3.1. Performance During the Training Phase

In the initial training phase (T0), the AI model was exposed to a structured dataset of 150 images, evenly distributed across five immunoreactivity categories. The model was prompted with labeled examples and asked to classify each image according to the predefined scoring system. The AI demonstrated a high level of adaptability, progressively aligning its responses with the human-assigned scores.
The binary classification between negative (−) and weakly positive (+) images showed near-perfect accuracy, with only two misclassifications in the “−” category and none in the “+” group. This initial performance is summarized in Table 2.
Subsequently, the model was tested across all five categories. The AI correctly classified all images in the “+”, “++”, “+++”, and “++++” groups, while maintaining a 93.3% accuracy in the “−” category. These results are detailed in Table 3, which presents the error rates and correct classification percentages for each class.
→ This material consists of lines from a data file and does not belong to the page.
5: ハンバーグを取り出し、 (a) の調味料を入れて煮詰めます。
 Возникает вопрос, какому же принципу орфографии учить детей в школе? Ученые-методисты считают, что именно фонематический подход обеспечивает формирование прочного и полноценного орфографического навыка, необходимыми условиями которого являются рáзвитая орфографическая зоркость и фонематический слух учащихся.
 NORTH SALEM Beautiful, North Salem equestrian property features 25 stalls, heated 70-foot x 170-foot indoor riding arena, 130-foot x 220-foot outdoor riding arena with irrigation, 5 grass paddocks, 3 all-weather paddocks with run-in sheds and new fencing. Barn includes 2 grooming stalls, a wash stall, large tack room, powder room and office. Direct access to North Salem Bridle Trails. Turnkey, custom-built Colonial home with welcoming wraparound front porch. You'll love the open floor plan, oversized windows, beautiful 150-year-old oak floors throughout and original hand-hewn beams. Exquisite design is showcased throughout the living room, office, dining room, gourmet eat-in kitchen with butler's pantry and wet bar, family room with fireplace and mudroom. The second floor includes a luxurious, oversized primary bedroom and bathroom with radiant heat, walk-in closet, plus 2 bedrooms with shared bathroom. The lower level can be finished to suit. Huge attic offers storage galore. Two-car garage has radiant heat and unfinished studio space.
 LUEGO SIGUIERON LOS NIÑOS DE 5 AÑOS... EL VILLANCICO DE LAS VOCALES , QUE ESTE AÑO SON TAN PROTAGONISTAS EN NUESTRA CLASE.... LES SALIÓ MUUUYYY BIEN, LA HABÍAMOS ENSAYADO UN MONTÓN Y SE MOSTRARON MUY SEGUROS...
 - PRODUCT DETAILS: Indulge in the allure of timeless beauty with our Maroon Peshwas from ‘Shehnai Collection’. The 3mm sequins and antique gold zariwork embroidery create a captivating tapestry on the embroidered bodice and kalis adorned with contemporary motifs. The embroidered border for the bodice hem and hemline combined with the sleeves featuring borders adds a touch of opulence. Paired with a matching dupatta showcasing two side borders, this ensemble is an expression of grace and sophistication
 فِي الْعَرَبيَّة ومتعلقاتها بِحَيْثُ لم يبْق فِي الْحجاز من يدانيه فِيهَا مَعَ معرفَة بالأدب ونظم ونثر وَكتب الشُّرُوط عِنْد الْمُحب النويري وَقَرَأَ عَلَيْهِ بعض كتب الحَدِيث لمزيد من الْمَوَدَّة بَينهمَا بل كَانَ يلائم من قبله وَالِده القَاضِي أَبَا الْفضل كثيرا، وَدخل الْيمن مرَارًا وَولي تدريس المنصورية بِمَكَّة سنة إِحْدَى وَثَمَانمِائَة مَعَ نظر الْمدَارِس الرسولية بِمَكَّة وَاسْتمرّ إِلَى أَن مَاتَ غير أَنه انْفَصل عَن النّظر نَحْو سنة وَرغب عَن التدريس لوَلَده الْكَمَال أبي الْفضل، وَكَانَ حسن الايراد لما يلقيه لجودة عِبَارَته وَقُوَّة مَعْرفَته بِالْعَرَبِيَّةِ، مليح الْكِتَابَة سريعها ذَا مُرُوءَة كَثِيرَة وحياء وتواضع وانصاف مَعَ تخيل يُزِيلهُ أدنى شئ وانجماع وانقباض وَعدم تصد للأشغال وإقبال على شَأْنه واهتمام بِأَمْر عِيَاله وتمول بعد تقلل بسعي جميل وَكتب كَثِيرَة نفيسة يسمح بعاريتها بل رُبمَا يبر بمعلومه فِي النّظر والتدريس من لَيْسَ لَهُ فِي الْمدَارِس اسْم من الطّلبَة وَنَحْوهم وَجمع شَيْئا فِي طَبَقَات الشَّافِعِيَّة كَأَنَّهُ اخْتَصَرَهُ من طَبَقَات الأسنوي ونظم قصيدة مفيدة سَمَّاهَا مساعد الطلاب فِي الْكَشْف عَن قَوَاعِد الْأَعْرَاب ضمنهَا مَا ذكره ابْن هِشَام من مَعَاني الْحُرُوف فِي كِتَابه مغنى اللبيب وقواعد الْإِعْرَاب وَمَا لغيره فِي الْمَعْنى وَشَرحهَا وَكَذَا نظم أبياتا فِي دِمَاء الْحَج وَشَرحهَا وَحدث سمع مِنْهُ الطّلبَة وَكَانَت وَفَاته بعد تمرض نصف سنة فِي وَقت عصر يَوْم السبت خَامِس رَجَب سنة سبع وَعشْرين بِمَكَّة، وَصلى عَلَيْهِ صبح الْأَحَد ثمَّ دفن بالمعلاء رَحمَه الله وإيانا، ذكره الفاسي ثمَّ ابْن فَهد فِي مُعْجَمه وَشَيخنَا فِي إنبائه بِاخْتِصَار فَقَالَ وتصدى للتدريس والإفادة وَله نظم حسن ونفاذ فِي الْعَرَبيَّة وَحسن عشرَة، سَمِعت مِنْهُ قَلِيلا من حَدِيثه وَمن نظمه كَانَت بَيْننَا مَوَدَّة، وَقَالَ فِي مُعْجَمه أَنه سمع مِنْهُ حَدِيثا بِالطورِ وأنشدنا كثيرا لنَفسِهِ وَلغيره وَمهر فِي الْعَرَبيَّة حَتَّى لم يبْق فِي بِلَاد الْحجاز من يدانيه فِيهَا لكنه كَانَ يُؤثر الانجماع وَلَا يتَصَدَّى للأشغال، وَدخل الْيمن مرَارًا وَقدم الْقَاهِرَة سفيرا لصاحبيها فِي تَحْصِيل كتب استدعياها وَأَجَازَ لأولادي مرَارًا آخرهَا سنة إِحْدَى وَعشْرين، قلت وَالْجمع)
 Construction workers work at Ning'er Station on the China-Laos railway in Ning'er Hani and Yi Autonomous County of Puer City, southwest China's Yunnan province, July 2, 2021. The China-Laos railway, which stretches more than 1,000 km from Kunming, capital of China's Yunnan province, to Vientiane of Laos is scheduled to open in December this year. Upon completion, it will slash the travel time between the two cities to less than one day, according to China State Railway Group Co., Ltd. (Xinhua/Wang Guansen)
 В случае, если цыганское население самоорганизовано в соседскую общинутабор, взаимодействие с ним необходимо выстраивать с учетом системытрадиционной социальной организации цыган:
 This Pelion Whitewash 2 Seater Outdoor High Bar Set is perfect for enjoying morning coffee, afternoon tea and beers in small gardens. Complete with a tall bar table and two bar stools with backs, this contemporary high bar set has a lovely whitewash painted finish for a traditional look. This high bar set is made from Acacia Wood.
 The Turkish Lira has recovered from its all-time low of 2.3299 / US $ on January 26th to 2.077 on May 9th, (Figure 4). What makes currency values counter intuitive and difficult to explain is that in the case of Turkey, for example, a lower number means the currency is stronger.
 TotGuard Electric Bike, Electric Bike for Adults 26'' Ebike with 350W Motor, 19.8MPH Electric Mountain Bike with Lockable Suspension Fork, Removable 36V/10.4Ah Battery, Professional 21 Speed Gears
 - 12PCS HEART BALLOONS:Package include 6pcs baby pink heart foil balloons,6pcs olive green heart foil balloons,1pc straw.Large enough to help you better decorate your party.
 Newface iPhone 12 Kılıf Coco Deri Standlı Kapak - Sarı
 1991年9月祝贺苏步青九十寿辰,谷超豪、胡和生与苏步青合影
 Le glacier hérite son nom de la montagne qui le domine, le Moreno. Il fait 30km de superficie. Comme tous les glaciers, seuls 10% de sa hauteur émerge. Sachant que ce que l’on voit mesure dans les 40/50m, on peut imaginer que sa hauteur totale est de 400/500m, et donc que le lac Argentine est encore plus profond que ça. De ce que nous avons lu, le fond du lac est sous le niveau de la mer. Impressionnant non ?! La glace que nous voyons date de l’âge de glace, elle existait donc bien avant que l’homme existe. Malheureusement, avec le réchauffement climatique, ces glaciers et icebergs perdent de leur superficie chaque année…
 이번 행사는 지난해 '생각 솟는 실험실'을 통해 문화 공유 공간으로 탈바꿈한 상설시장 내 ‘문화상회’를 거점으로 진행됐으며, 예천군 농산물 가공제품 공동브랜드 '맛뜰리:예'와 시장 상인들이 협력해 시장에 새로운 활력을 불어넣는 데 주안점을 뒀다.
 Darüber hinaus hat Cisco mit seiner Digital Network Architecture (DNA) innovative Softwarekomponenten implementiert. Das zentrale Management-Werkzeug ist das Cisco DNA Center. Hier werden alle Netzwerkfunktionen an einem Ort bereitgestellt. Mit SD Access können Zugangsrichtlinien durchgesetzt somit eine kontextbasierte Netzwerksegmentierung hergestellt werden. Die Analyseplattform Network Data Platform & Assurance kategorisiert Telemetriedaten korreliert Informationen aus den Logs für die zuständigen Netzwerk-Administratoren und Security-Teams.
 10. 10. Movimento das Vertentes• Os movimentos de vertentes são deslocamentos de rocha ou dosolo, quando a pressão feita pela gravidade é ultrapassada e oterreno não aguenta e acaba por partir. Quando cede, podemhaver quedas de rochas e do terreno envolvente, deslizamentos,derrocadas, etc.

3.2. Blind Evaluation Phase

Following training, the model underwent blind testing (T1) using 75 previously unseen images. These were uploaded in a randomized sequence to prevent bias and simulate real-world diagnostic conditions. The AI was tasked with independently classifying each image without prior knowledge of its category.
The model maintained high accuracy in the “−” and “+++” categories, correctly classifying 93.3% of images in both groups. However, performance declined in intermediate categories, particularly “++”, where the accuracy dropped to 66.7%. These results are presented in Table 4 (binary classification, “negative” vs. “positive”) and Table 5 (full category breakdown).
To visually represent these findings, Figure 1 shows the number and percentage of correct (green) and incorrect (red) classifications for each immunoreactivity category (n = 15 per class). Accuracy was highest for ‘−’ and ‘+++’ (93.3%), while intermediate categories (‘+’, ‘++’) exhibited greater variability, with error rates up to 33%.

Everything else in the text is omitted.